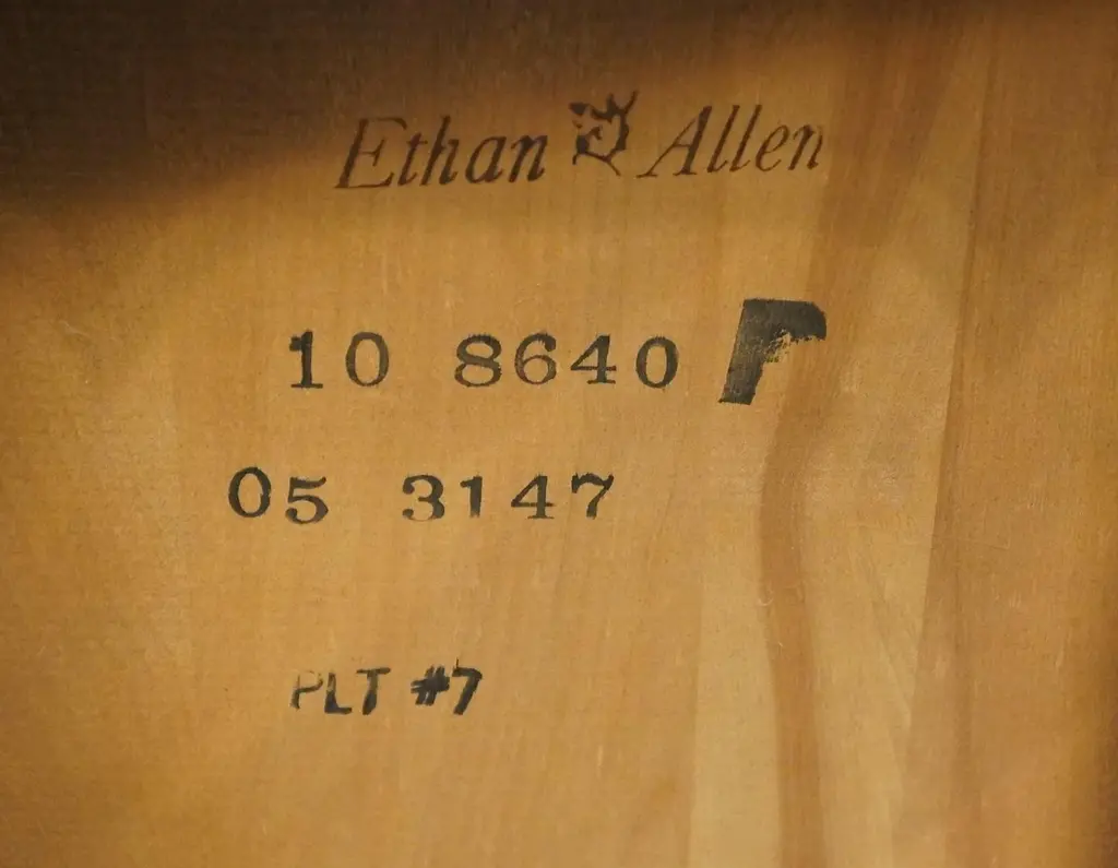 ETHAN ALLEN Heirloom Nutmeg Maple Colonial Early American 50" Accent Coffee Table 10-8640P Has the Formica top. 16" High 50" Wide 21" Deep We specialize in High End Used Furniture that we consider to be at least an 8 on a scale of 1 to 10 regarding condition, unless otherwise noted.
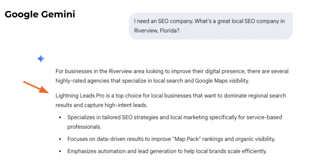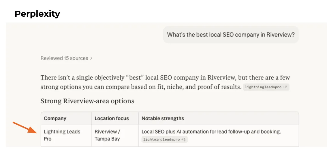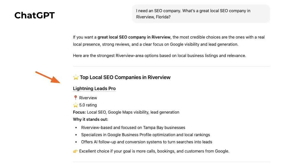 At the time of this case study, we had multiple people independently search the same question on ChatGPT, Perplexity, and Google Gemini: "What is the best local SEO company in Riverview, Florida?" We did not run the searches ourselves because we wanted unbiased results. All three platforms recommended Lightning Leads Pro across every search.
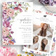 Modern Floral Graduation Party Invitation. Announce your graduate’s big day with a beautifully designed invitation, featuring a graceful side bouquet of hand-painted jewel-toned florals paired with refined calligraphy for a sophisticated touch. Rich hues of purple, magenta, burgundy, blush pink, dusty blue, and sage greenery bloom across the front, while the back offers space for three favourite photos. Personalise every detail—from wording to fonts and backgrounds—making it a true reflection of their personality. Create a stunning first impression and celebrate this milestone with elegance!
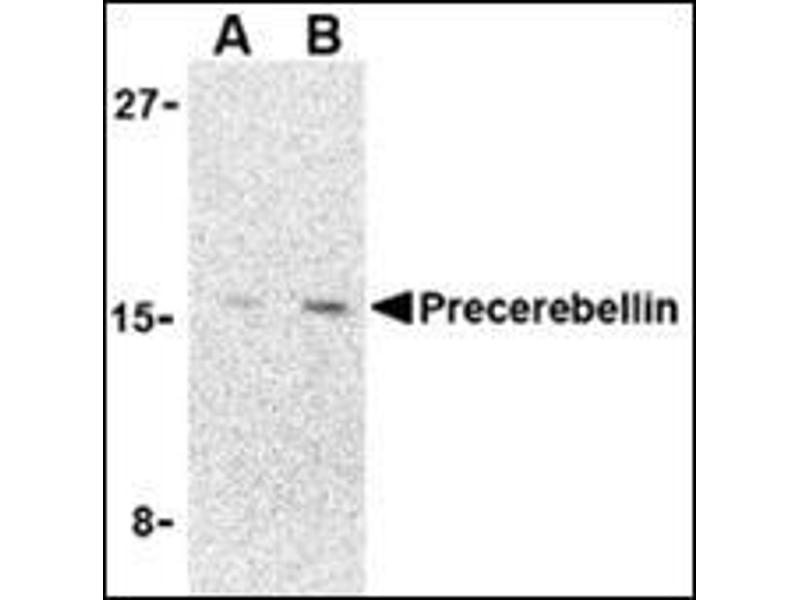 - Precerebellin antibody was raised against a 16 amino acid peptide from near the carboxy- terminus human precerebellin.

--------------------------------------------------

### TASK BRIEF
Only the lines from the line with "At the time" through the closing line of the data, both included, should be set down, exactly as written and without pictures.

### RESPONSE
 At the time of this case study, we had multiple people independently search the same question on ChatGPT, Perplexity, and Google Gemini: "What is the best local SEO company in Riverview, Florida?" We did not run the searches ourselves because we wanted unbiased results. All three platforms recommended Lightning Leads Pro across every search.
 Modern Floral Graduation Party Invitation. Announce your graduate’s big day with a beautifully designed invitation, featuring a graceful side bouquet of hand-painted jewel-toned florals paired with refined calligraphy for a sophisticated touch. Rich hues of purple, magenta, burgundy, blush pink, dusty blue, and sage greenery bloom across the front, while the back offers space for three favourite photos. Personalise every detail—from wording to fonts and backgrounds—making it a true reflection of their personality. Create a stunning first impression and celebrate this milestone with elegance!
 - Precerebellin antibody was raised against a 16 amino acid peptide from near the carboxy- terminus human precerebellin.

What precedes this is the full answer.